Can High Blood Pressure Cause Pulsatile Tinnitus?

Pulsatile tinnitus (PT) is the perception of a rhythmic sound in the ears, often described as a whooshing or throbbing synchronized with the individual’s heartbeat. This distinct pattern naturally leads people to question its connection to systemic health conditions, particularly hypertension, or high blood pressure (HBP). Because the sound is tied to blood flow, it suggests a vascular origin that can be influenced by changes in circulatory force. This article clarifies the relationship between elevated blood pressure and this specific auditory symptom.

What Exactly Is Pulsatile Tinnitus

Pulsatile tinnitus is often described as hearing one’s own pulse or heart beating in the ear. The sound is typically a low-pitched whooshing, rushing, or thumping noise that follows the rhythm of the heart. This differentiates it from the far more common type of tinnitus, which is usually perceived as a constant, high-pitched ringing or buzzing sound not synchronized with the pulse. PT is often a form of “objective” tinnitus, meaning the sound may be audible to a healthcare provider using a specialized stethoscope. This audibility confirms the noise has a physical source: the sound of blood flowing through nearby vessels.

The sound originates from turbulence or changes in blood flow within the arteries and veins near the ear structures, including the large carotid artery and jugular vein. Therefore, PT is less a condition itself and more a symptom indicating an underlying vascular or structural issue that makes the sound of blood flow noticeable.

Examining the Link Between High Blood Pressure and Tinnitus

Research has established an association between high blood pressure and tinnitus, especially the pulsatile form, but hypertension is rarely the sole cause. The increased force of blood pushing against vessel walls in people with HBP contributes to more turbulent and louder blood flow. If a person already has a structural irregularity in a blood vessel near the ear, the heightened force from hypertension can intensify the noise.

HBP can also contribute to the hardening and narrowing of arteries, a process known as atherosclerosis. When plaques build up in the carotid arteries, blood is forced to rush through a restricted opening, creating a louder, more turbulent sound perceived as pulsatile tinnitus. Treating uncontrolled hypertension may reduce the volume of the pulsing sound by decreasing the overall force and turbulence of the blood flow. However, the underlying structural issue that makes the sound audible will still remain unless addressed.

Studies show that a substantial percentage of people with tinnitus also have hypertension, suggesting an exacerbating relationship between the two conditions. While high blood pressure can amplify or worsen the symptom, it is typically a secondary contributor that makes an existing vascular sound more apparent.

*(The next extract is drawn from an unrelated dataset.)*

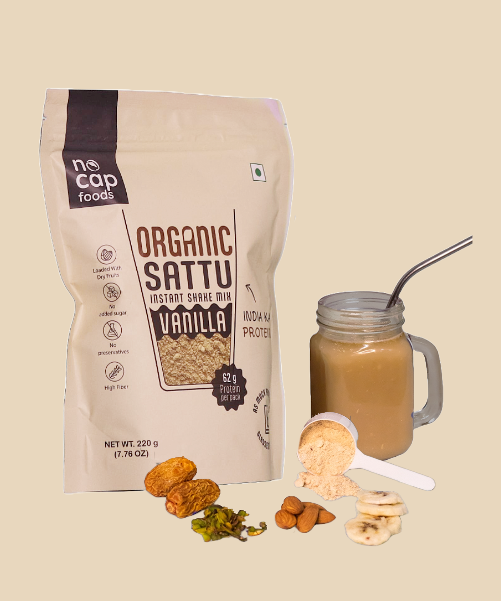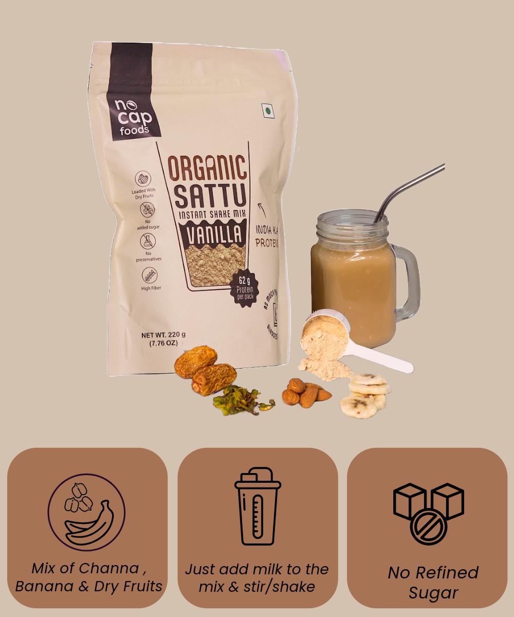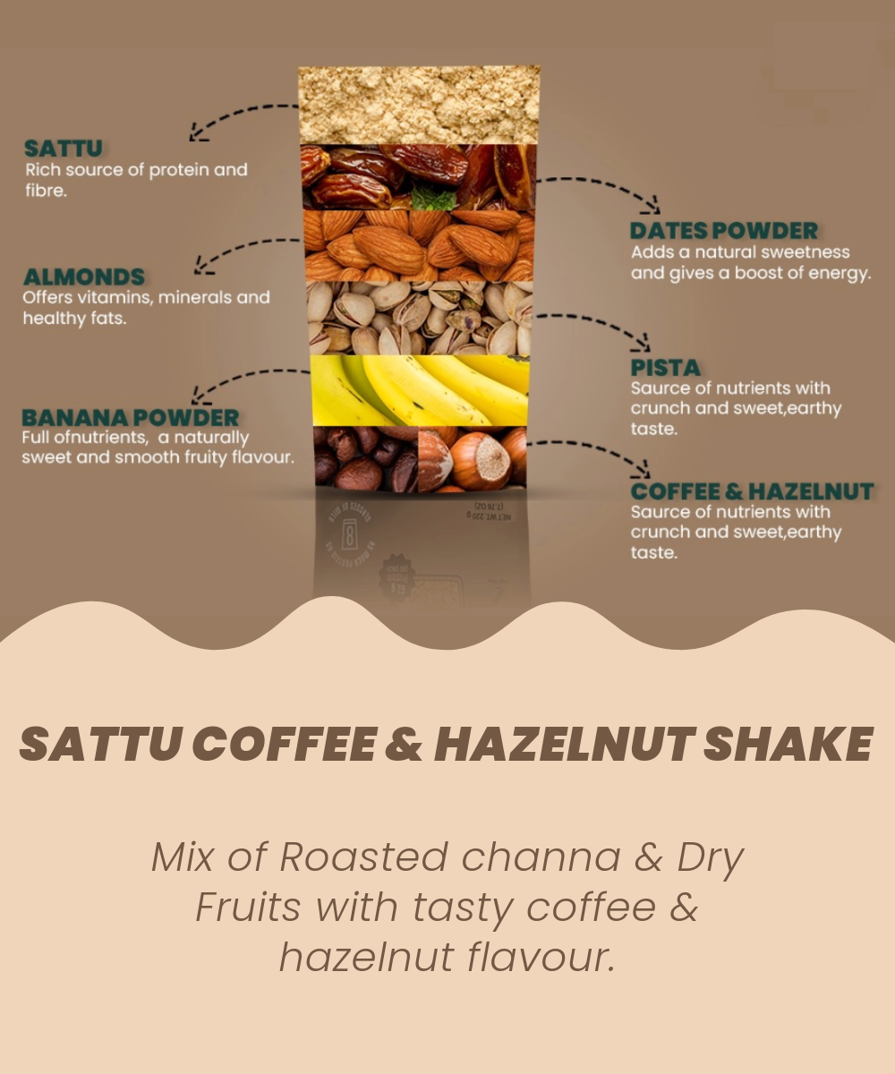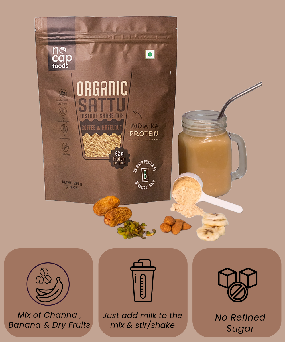 Indulge in the wholesome goodness of our NoCap Super Saver Healthy Sattu Shakes Pack! This delightful pack features the rich and aromatic Sattu Coffee Hazelnut Shake, combining the bold flavor of coffee with nutty hazelnut for a perfect energy boost. Complementing it is the smooth and creamy Sattu Vanilla Shake, offering a classic and comforting taste. Both shakes are packed with protein and nutrients, making them an ideal choice for a quick breakfast or a nutritious snack on the go. Enjoy the deliciousness while nourishing your body!

When High Blood Pressure Is Not the Cause

When systemic hypertension is not the primary driver, pulsatile tinnitus is often caused by localized structural or flow-related anomalies. A common cause is a narrowing of the venous drainage system in the brain, such as venous sinus stenosis, which disrupts smooth blood flow in the large veins. Other venous abnormalities, like a sigmoid sinus diverticulum, can also create a whooshing sound transmitted to the ear.

Conditions that increase the total volume or speed of blood flow throughout the body can also lead to pulsatile tinnitus. For instance, severe anemia or an overactive thyroid (hyperthyroidism) increase cardiac output, causing blood to pulse faster and louder through the vessels. In these cases, the sound is a consequence of the generalized increase in circulatory dynamics.

Another significant cause involves increased pressure around the brain, known as Idiopathic Intracranial Hypertension (IIH). This condition involves elevated fluid pressure inside the skull, which can compress veins and lead to turbulent flow, often causing pulsatile tinnitus and sometimes vision changes. Furthermore, a physical malformation, such as an Arteriovenous Malformation (AVM) or a highly vascular tumor near the ear, can generate the audible pulse. Conductive hearing loss can also make normal internal body sounds, including blood flow, more noticeable because external sounds are muffled.

Taking Action and Seeking Diagnosis

Any persistent pulsatile tinnitus warrants a medical evaluation to identify the specific underlying cause. A healthcare provider will often begin by performing a physical examination, which includes listening with a stethoscope to the neck and skull to determine if the tinnitus is objective. They will also take a thorough medical history and check for associated symptoms like headaches or vision changes.

Diagnostic steps usually involve a blood pressure check and blood tests to screen for systemic causes like anemia or hyperthyroidism. Because many causes are structural, imaging studies are frequently ordered, such as a CT Angiography (CTA) or Magnetic Resonance Angiography (MRA). These specialized scans allow doctors to visualize the blood vessels in the head and neck, helping to pinpoint the source of the turbulent flow. Identifying the precise origin is necessary because successful treatment depends entirely on addressing the specific condition causing the noise.